Security and Human Rights in Eastern Europe: New Empirical and Conceptual Perspectives on Conflict Resolution and Accountability
Edited by Martin Kragh. With a foreword by Fredrik Löjdquist and Martin Kragh
More than three decades since the fall of the Soviet Union, several conflicts over territory and political influence in Eastern Europe persist. This volume gathers new empirical and conceptual perspectives on the situation regarding security and human rights in the EU’s eastern neighborhood.

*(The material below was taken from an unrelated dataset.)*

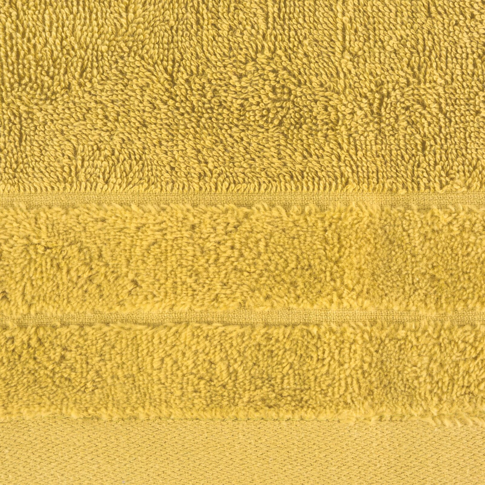 Elegancki ręcznik z delikatnej i bardzo chłonnej tkaniny frotte, jednokolorowy. Krawędzie zdobione subtelną bordiurą z welwetu. Łatwy w praniu, trwałe kolory. szerokość: 30 cm, długość: 50 cm, kolor: musztardowy, Gramatura: 500 GSM, Skład: 100% bawełna
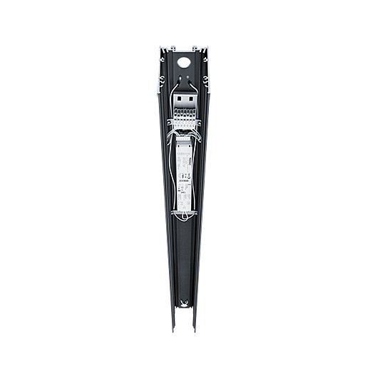 Kanal für LED-Lichtliniezur Pendelmontage mit LED-Konverter, DALI steuerbare Leuchte, LED-Lebensdauer 100000 h bis zu einem Lichtstromrückgang auf 95 % des Anfangswertes. Farborttoleranz (initial MacAdam): 3. Farbwiedergabe Ra > 90, Farbtemperatur 4000 K. Kanal aus Aluminium, aus Aluminium, schwarz (ähnlich RAL 9005), pulverbeschichtet. Abmessungen: 2500 x 76 x 92 mm. Gewicht: 6,3 kg. Schutzart: IP20. Schlagfestigkeit: IK03. SlotlightInfinity II setzt sich aus einem Kanal, LED-Balken, Abdeckung und Accessoires zusammen, welche separat konfiguriert und bestellt werden müssen. Dieses Produkt ist ein Bestandteil der gesamten Konfiguration.

The first part of this volume consists of five articles, detailing the origins and recent developments in the conflict areas of Donbas (Ukraine), Transnistria (Moldova), Abkhazia and South Ossetia (Georgia), and Nagorno-Karabakh (Armenia and Azerbaijan). The second part provides a comparative perspective, focusing on the implications of protracted conflicts for European security, the OSCE, and international law. The articles analyze the regional context, explain the role of regional powers such as Russia, Turkey, and the EU, and provide clear policy recommendations regarding conflict resolution and accountability.
Martin Kragh is Deputy Director of the Stockholm Centre for Eastern European Studies (SCEEUS) and Senior Research Fellow at the Swedish Institute of International Affairs. Kragh holds a PhD from the Stockholm School of Economics (2009) and is associate professor (docent) at the Institute for Russian and Eurasian Studies at Uppsala University.